Saint Jean ajoute cette exhortation, après la parole qui nous occupe : Maintenant donc, mes petits enfants, demeurez en lui, afin que quand il paraîtra, nous ayons de la confiance et que nous ne soyons pas confus devant lui à son avènement.
L'onction, d'après cela, ne laisse point stationnaire. Elle est au contraire la force du progrès, elle fait avancer dans la vie, elle nous excite à poursuivre constamment et joyeusement la course qui nous est proposée.

C'est le travail d'un inexprimable amour, le soupir d'une âme sauvée en espérance, mais qui sent que ce qu'elle sera n'a pas encore été manifesté. On a encore à combattre, encore à pleurer, mais ce sont des luttes qui rapprochent de la victoire, des larmes qui préparent à la moisson et au triomphe. On a confiance en Celui qui nous a appelés et qui ne rendra point les siens confus à son avènement. Dans la vie chrétienne il faut courir et il faut atteindre ; mais on peut faire l'un et l'autre quand on a l'assurance qu'il demeure en nous et que nous demeurons en lui.

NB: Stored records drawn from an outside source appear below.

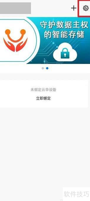2、 打开云伞智能APP,点击右上角的设置图标进入配置页面。
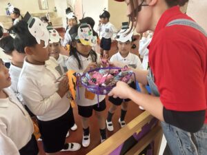 みんなお菓子を3つもらい バックに入れて帰りました⸜(⑅´ᗜ`⑅)⸝ꕤ*。゚
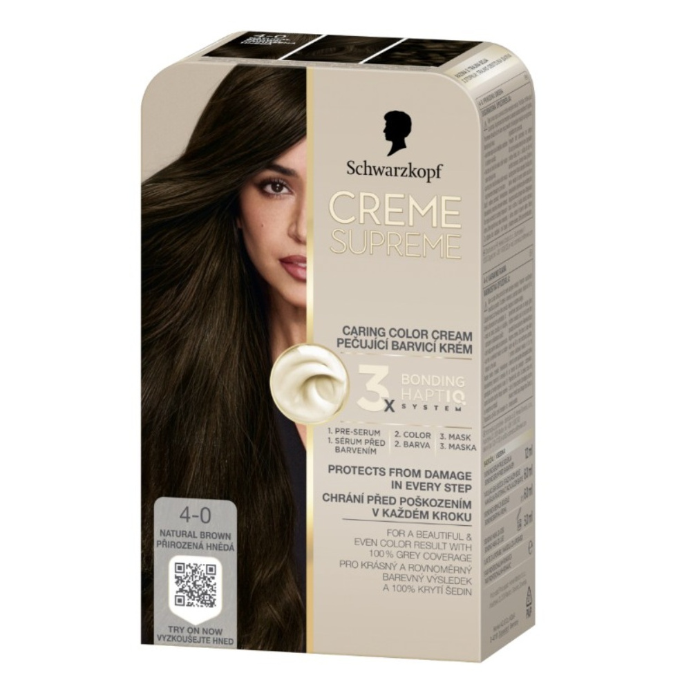 Schwarzkopf Creme Supreme barva na vlasy 4-0 přirozená hnědá 60 ml

Cette espérance prêche toute seule ce que nous avons à faire et elle rend inutile qu'on nous enseigne ou qu'on nous encourage : l'onction est un embrasement de l'âme, un stimulant céleste qui ne laisse point à moitié chemin. On sent qu'on ne sera heureux que quand on sera conforme en toutes choses à l'image du Fils de Dieu, de ce premier-né entre plusieurs frères. Un amour partagé, un coeur qui se refroidit, deviennent insupportables ; on languit de posséder ce nom nouveau que personne ne connaît que celui qui le reçoit. Saint Jean se repose aujourd'hui. Il est un de ceux qui ont vaincu. L'onction qu'avait ce disciple bien-aimé, était en lui les arrhes de la vie éternelle. Il a attendu avec patience Celui qui devait venir et qui est venu. Ayons la même confiance, et comme lui nous ne serons point confus au jour de son avènement.